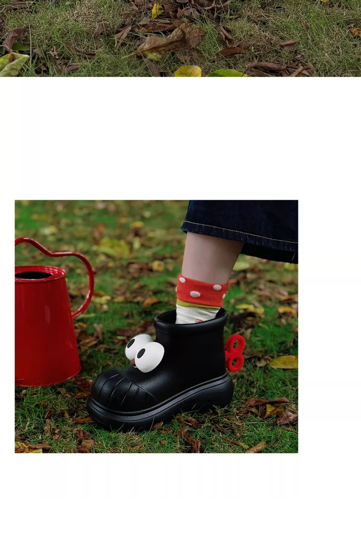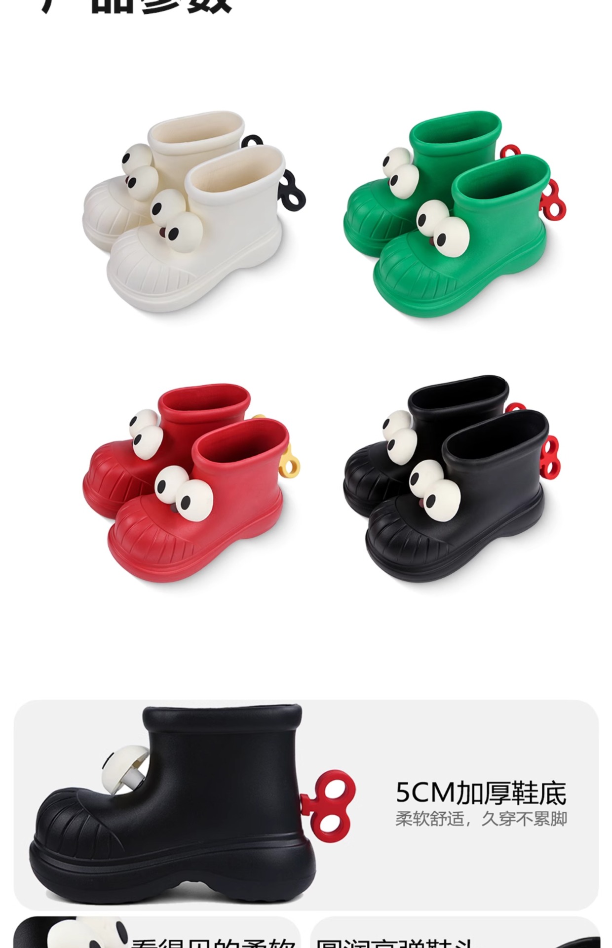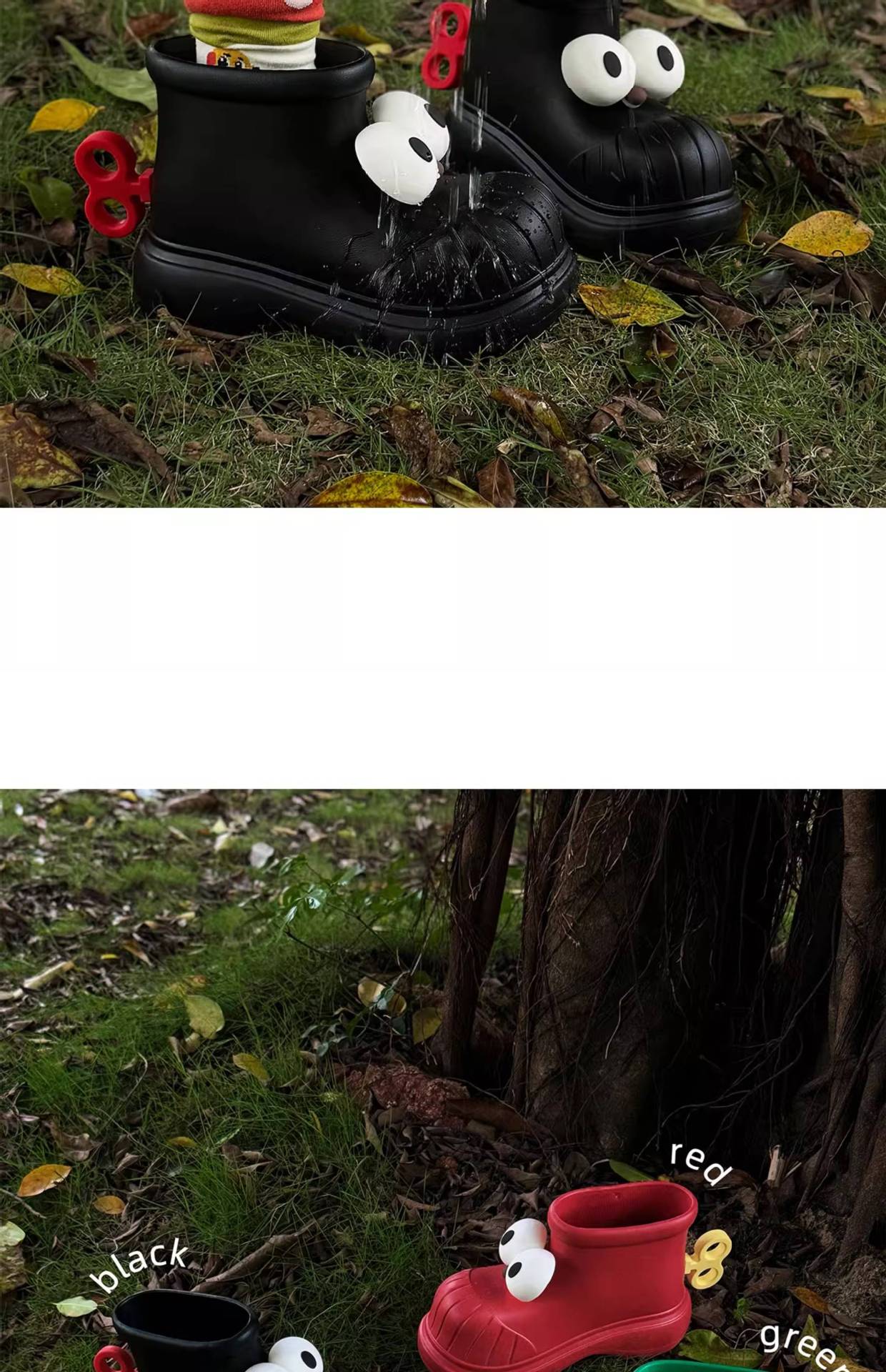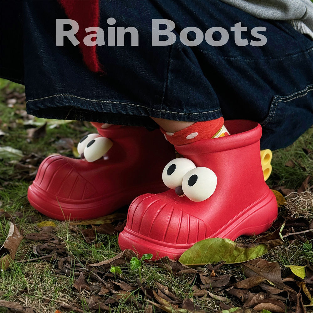 사계절 여성 야외 착용 방수 재미있는 둥근 발가락 큰 눈 워터 슈즈 레인 부츠 소녀 하트 패션 레인 부츠
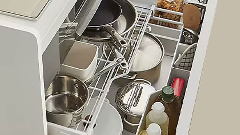 よく使うものがラクにパッと取り出せる。3つのポイントで料理をする時の労力や手間を減らし、調理作業をやさしくサポートする新感覚のフロア収納です。
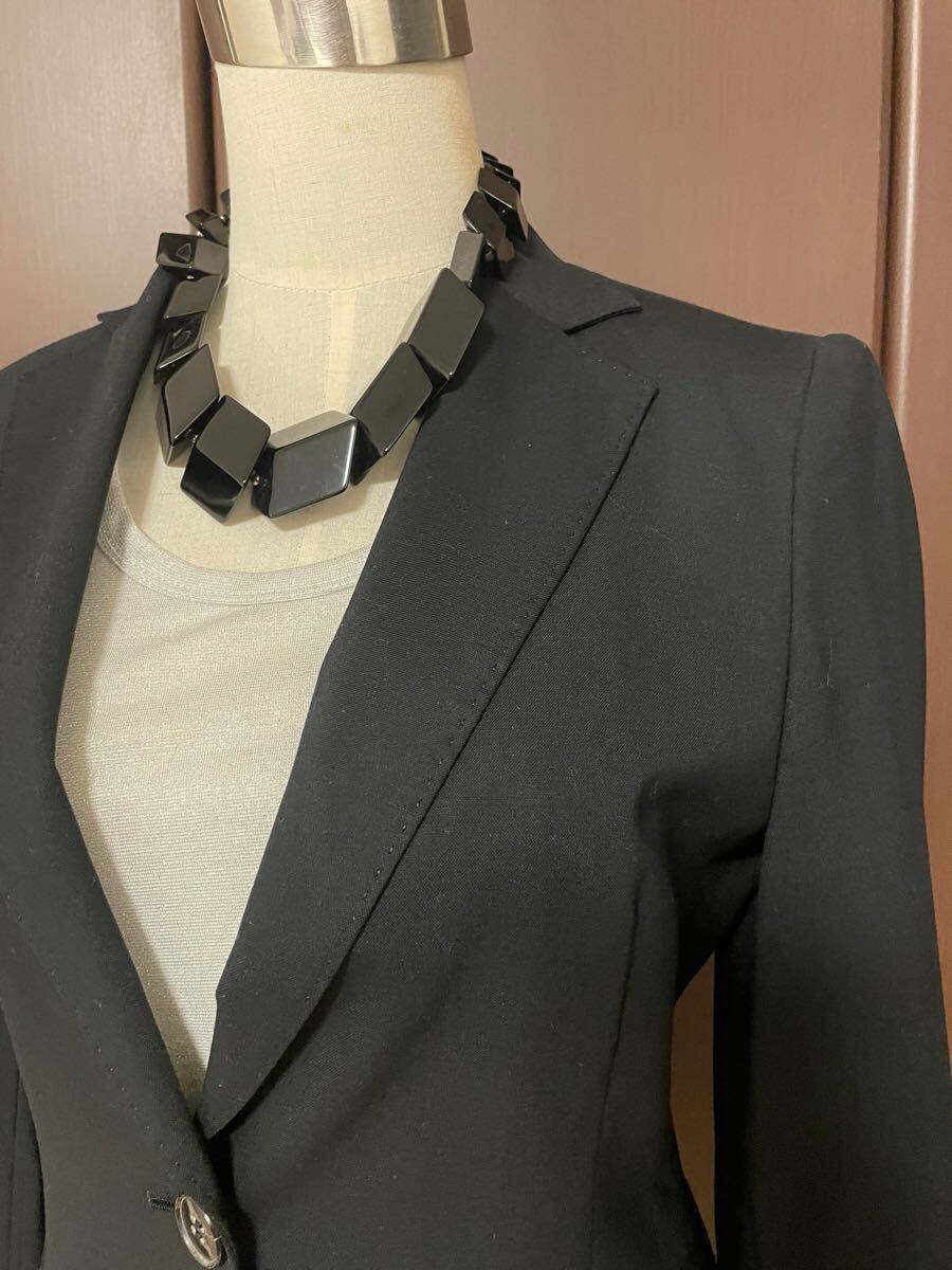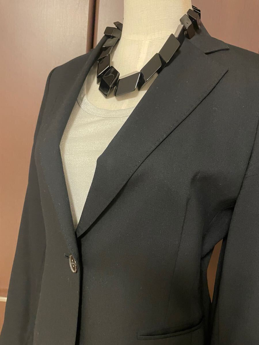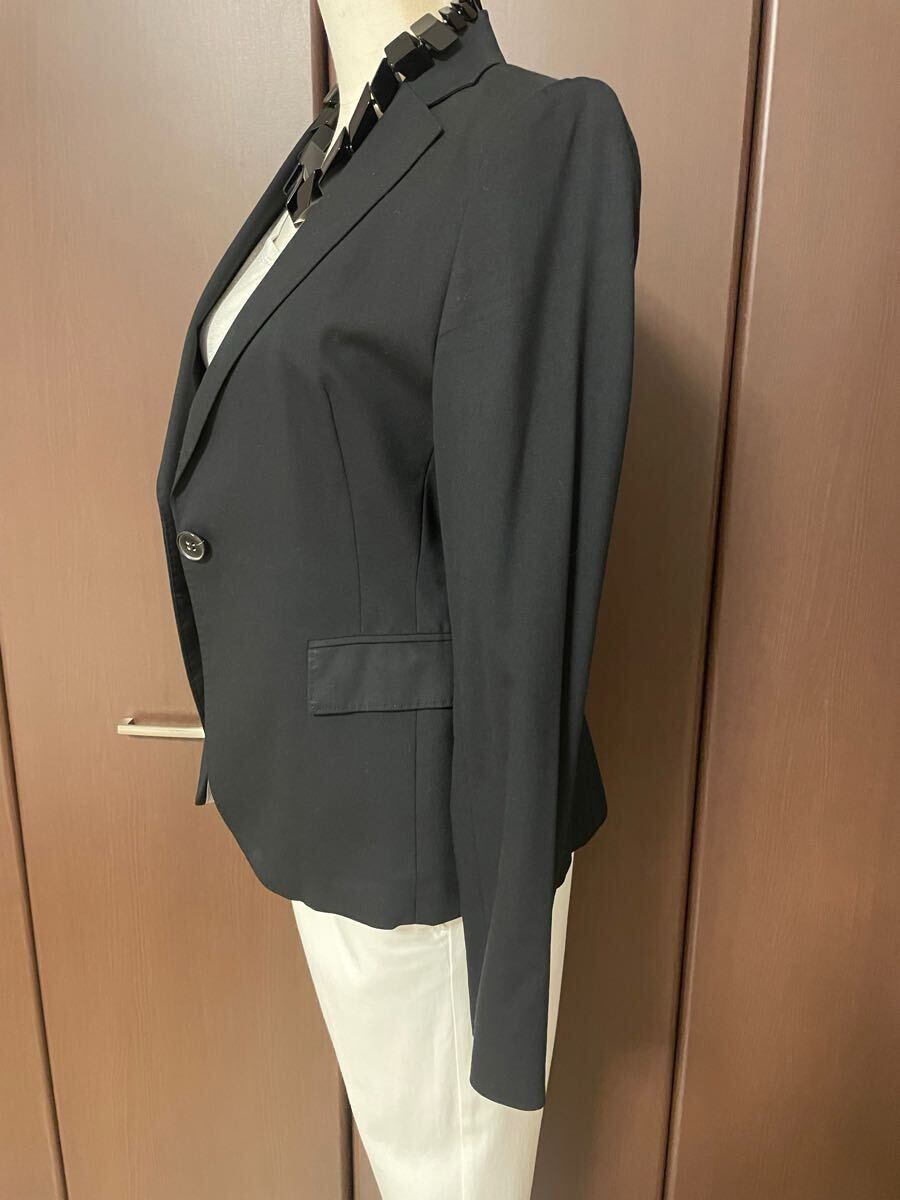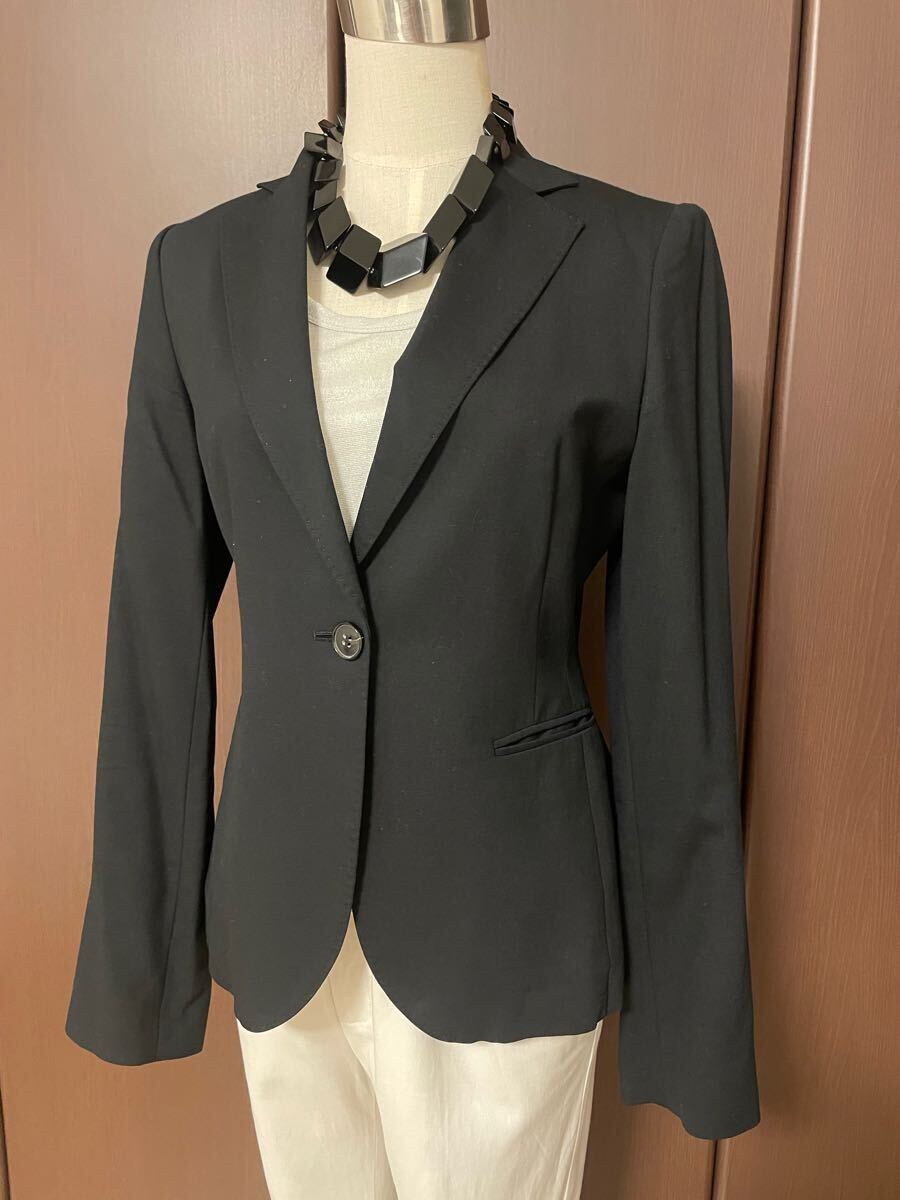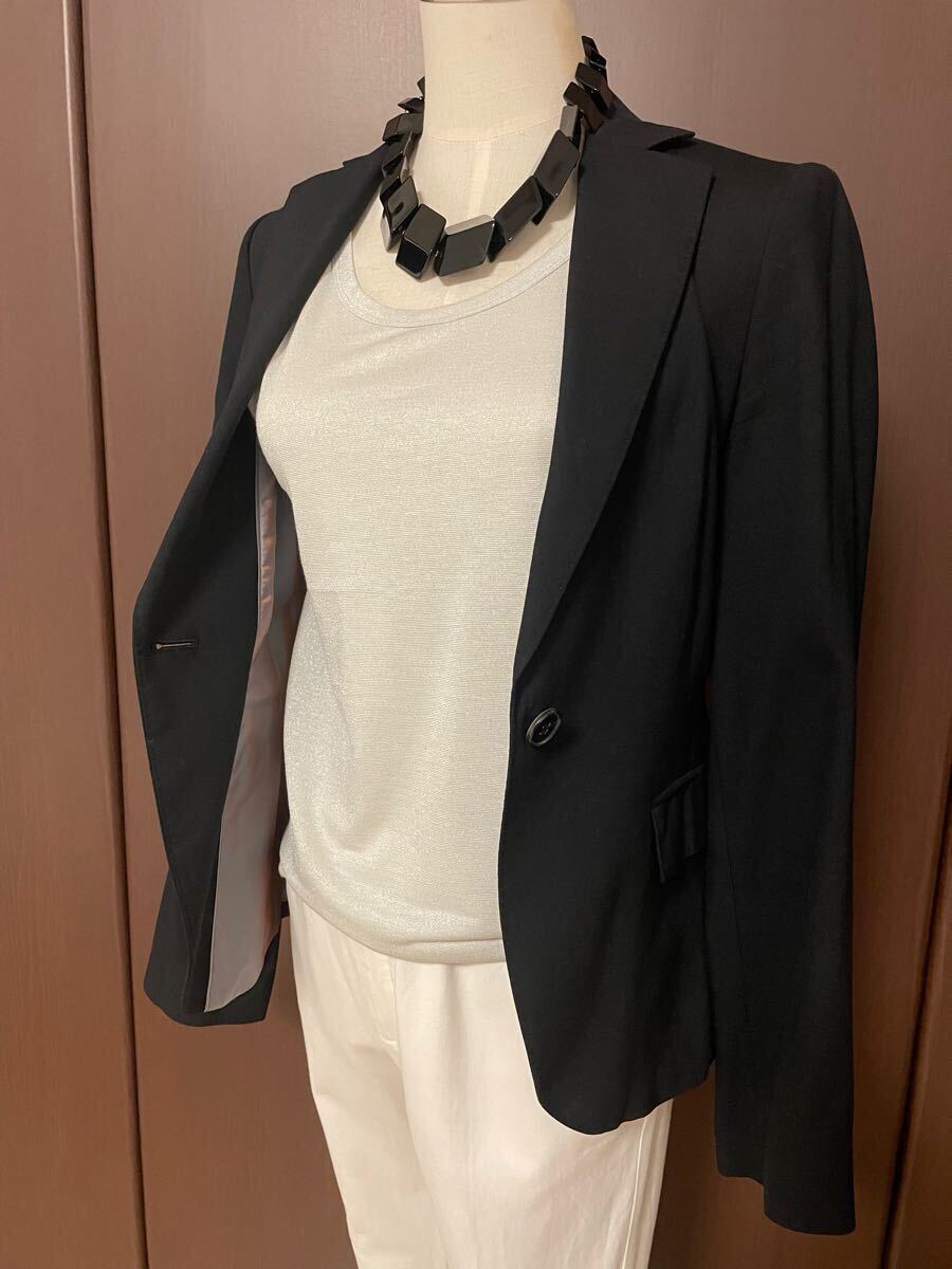 デプレ DES PRES のテーラードジャケットです。黒色。素材は、レーヨン・ウール・ポリウレタン。サイズ2、9号くらい。幅約39㎝、丈約マエ60・ウシロ56㎝。前ボタン1つ。袖ボタン4つ。前側両サイドポケット。後ろベンツ。テカリや擦れ、内側に若干汚れ箇所あり、気になる方はご遠慮ください。商品以外のアクセサリー・インナー・ボトムは含まれません。

**WHAT IS NEEDED:**
Please retype the material in full, exactly as it reads, apart from the images.

**RESPONSE TO THIS EXERCISE:**
 사계절 여성 야외 착용 방수 재미있는 둥근 발가락 큰 눈 워터 슈즈 레인 부츠 소녀 하트 패션 레인 부츠
 よく使うものがラクにパッと取り出せる。3つのポイントで料理をする時の労力や手間を減らし、調理作業をやさしくサポートする新感覚のフロア収納です。
 デプレ DES PRES のテーラードジャケットです。黒色。素材は、レーヨン・ウール・ポリウレタン。サイズ2、9号くらい。幅約39㎝、丈約マエ60・ウシロ56㎝。前ボタン1つ。袖ボタン4つ。前側両サイドポケット。後ろベンツ。テカリや擦れ、内側に若干汚れ箇所あり、気になる方はご遠慮ください。商品以外のアクセサリー・インナー・ボトムは含まれません。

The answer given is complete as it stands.